== Segment start ==

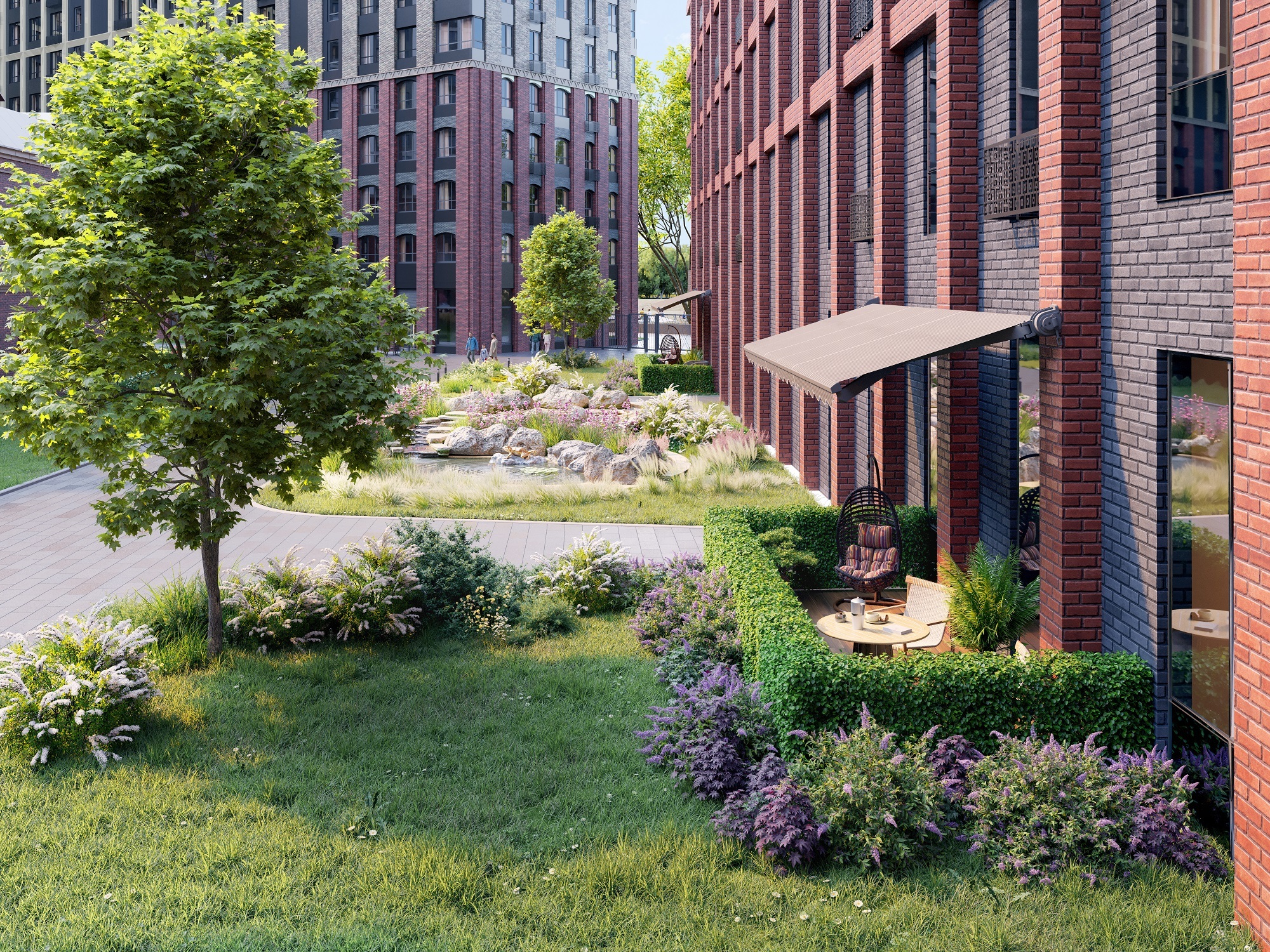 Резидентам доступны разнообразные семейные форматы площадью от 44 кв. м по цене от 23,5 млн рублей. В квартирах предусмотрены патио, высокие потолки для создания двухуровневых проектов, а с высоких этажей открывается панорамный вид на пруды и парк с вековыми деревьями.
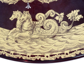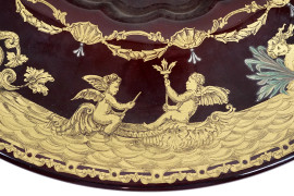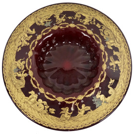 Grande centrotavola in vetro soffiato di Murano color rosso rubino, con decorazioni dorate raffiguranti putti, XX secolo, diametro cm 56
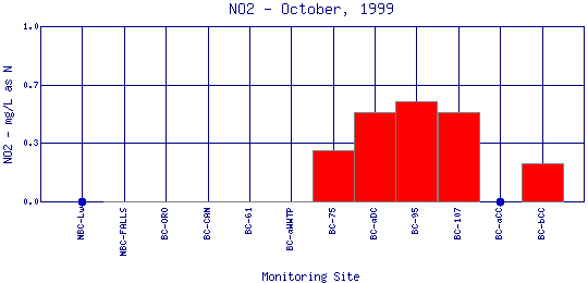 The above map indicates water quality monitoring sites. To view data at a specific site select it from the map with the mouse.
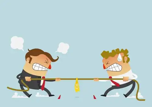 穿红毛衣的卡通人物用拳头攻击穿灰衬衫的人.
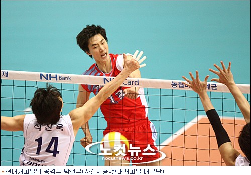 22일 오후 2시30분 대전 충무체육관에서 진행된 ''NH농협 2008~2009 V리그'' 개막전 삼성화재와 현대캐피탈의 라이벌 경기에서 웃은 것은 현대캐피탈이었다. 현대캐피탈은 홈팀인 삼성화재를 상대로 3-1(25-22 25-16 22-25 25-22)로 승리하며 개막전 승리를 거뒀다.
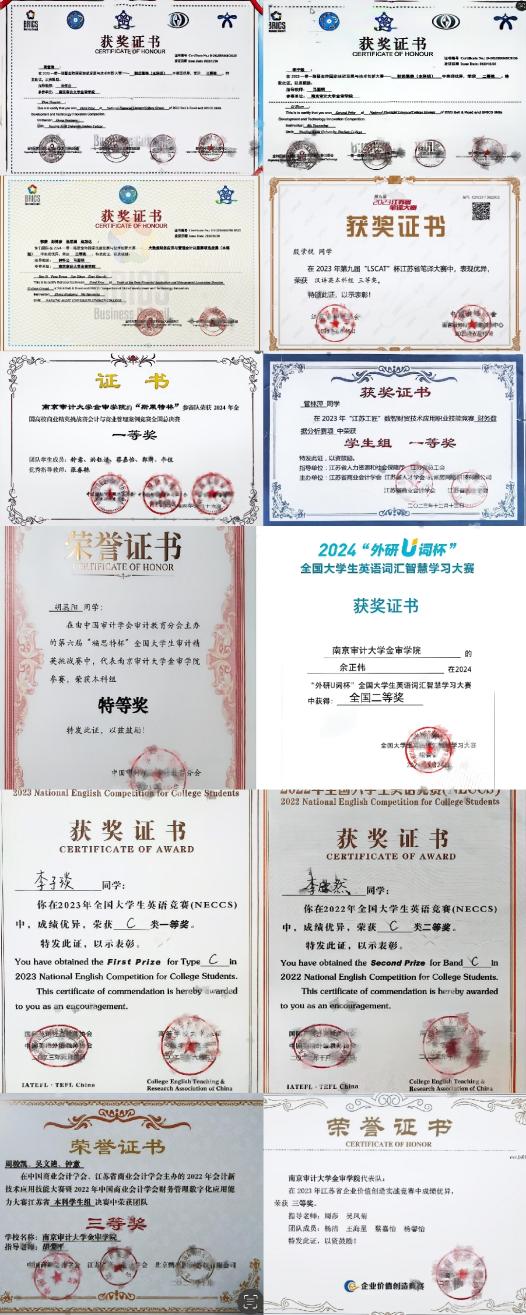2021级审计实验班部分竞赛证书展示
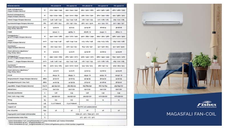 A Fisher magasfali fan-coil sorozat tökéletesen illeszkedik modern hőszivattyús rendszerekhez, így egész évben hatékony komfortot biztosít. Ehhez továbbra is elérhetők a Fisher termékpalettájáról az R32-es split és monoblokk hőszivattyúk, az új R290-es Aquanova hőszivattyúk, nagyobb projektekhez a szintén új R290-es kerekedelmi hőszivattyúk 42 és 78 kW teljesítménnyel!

== Segment end ==

_Work required_
Repeat every entry exactly. Do not include the pictures.

_Exercise response_
 Резидентам доступны разнообразные семейные форматы площадью от 44 кв. м по цене от 23,5 млн рублей. В квартирах предусмотрены патио, высокие потолки для создания двухуровневых проектов, а с высоких этажей открывается панорамный вид на пруды и парк с вековыми деревьями.
 Grande centrotavola in vetro soffiato di Murano color rosso rubino, con decorazioni dorate raffiguranti putti, XX secolo, diametro cm 56
 The above map indicates water quality monitoring sites. To view data at a specific site select it from the map with the mouse.
 穿红毛衣的卡通人物用拳头攻击穿灰衬衫的人.
 22일 오후 2시30분 대전 충무체육관에서 진행된 ''NH농협 2008~2009 V리그'' 개막전 삼성화재와 현대캐피탈의 라이벌 경기에서 웃은 것은 현대캐피탈이었다. 현대캐피탈은 홈팀인 삼성화재를 상대로 3-1(25-22 25-16 22-25 25-22)로 승리하며 개막전 승리를 거뒀다.
2021级审计实验班部分竞赛证书展示
 A Fisher magasfali fan-coil sorozat tökéletesen illeszkedik modern hőszivattyús rendszerekhez, így egész évben hatékony komfortot biztosít. Ehhez továbbra is elérhetők a Fisher termékpalettájáról az R32-es split és monoblokk hőszivattyúk, az új R290-es Aquanova hőszivattyúk, nagyobb projektekhez a szintén új R290-es kerekedelmi hőszivattyúk 42 és 78 kW teljesítménnyel!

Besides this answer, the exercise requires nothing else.